I want to run some operation to get the leftmost digit and the rest of the remaining digits.

To explain better:

<?php

$x   = NULL;  //this will hold first digit
$num = 12345; //int

/// run operation


//outputs
//$x   = 1;
//$num = 2345;
var_dump($x, $num);

?>

Now, I know there's multitudes of ways to do this if you represent the number as a string, but I'm trying to avoid type casting it into a string.

I'm probably looking for a solution which includes bitwise operations, but I'm pretty weak in that topic so I'm hoping someone who usually works low-level might be able to answer this!

Thanks a bunch.

Was it helpful?

Solution

Avoids using any string manipulation, but no guarantees for float or even negative values

$x   = NULL;  //this will hold first digit
$num = 12345; //int

$m = 1;
while(true) {
    $m *= 10;
    if ($m > $num)
        break;
}

$m /= 10;

$x = (int) floor($num / $m);
$num = $num % $m;


//outputs
//$x   = 1;
//$num = 2345;
var_dump($x, $num);

OTHER TIPS

I'm sure there is a way to do this without casting it to a string, but why?

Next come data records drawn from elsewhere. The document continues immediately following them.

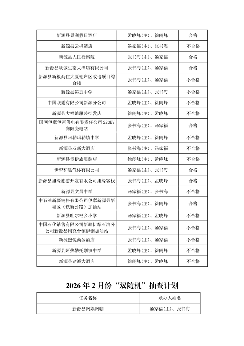 新源縣消防救援大隊2026年1月份“雙隨機”檢查結果及2月份“雙隨機”抽查計劃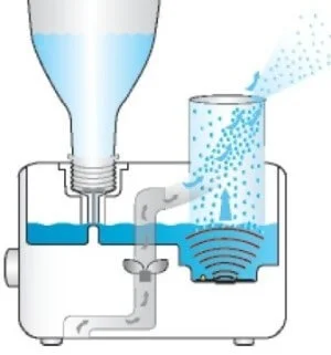 Ультразвуковий зволожувач повітря забезпечує продуктивність до 100 мл води на годину, що робить його ефективним для приміщень площею до 20 м². Пристрій працює від звичайної пластикової пляжки об'ємом до 1 літра, що виключає необхідність у окремому резервуарі та спрощує заправку. Енергоспоживання становить лише 12 Вт завдяки ультразвуковій технології.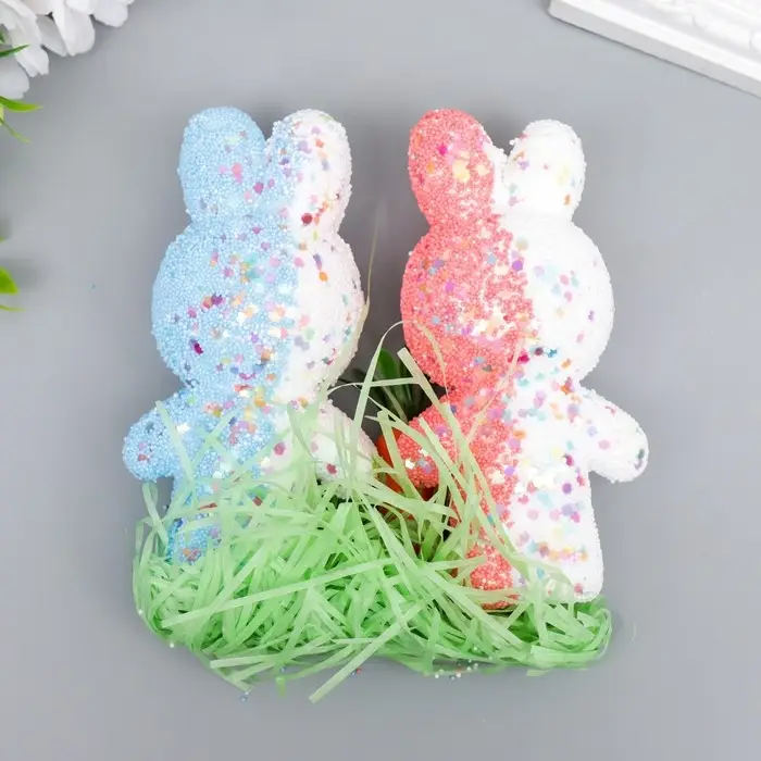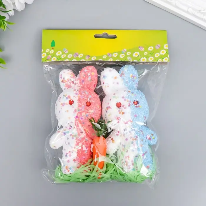 Пасхальный декор «Зайчата в посыпке с морковкой и травкой», набор: розовый, голубой, 12 см, настольная фигурка

The string detour is so easy:

$x = (int)substr($num, 0, 1); 

It'll give you a nice, proper integer.

Obviously, this does no extended checking for faulty input, and requires $num to be a valid number.

Math-only method:

function leftMost($num) {  
    return floor($num/pow(10,(floor((log10($num))))));
}

explained I guess...

1+ log10 of num calculates the number of digits a number is, we floor it to remove any decimal values, put it as the exponent so for a 1 digit number we get 10^0=1, or a 8 digit number we get 10^8. We then are just divding 12345678/10000000 = 1.2345678, which gets floor'd and is just 1.

note: this works for numbers between zero and one also, where it will return the 2 in 0.02, and a string transform will fail.

If you want to work with negative numbers, make $num = abs($num) first.

To get the rest of the digits

$remainingnum = (int)substr((string)$num, 1, strlen($num));

If you typcast the value to a string you can use the array type selector.

For example:

$n = (string)12345676543.876543;
echo (int)$n[0];

@Mark Baker offered the best solution, though you should do abs(floor($num)) before applying the algorithm.

I know you stated you wanted to avoid casting to a string, but if you want to loop over the digits in PHP, this will be the fastest way:

$len = strlen($n);
for ($i = 0; $i < $len; ++$i)
  $d = $n[$i];

In a quick-and-dirty benchmark, it was around 50% faster than the equivalent set of mathematical expressions, even when minimizing the calls to log and exp.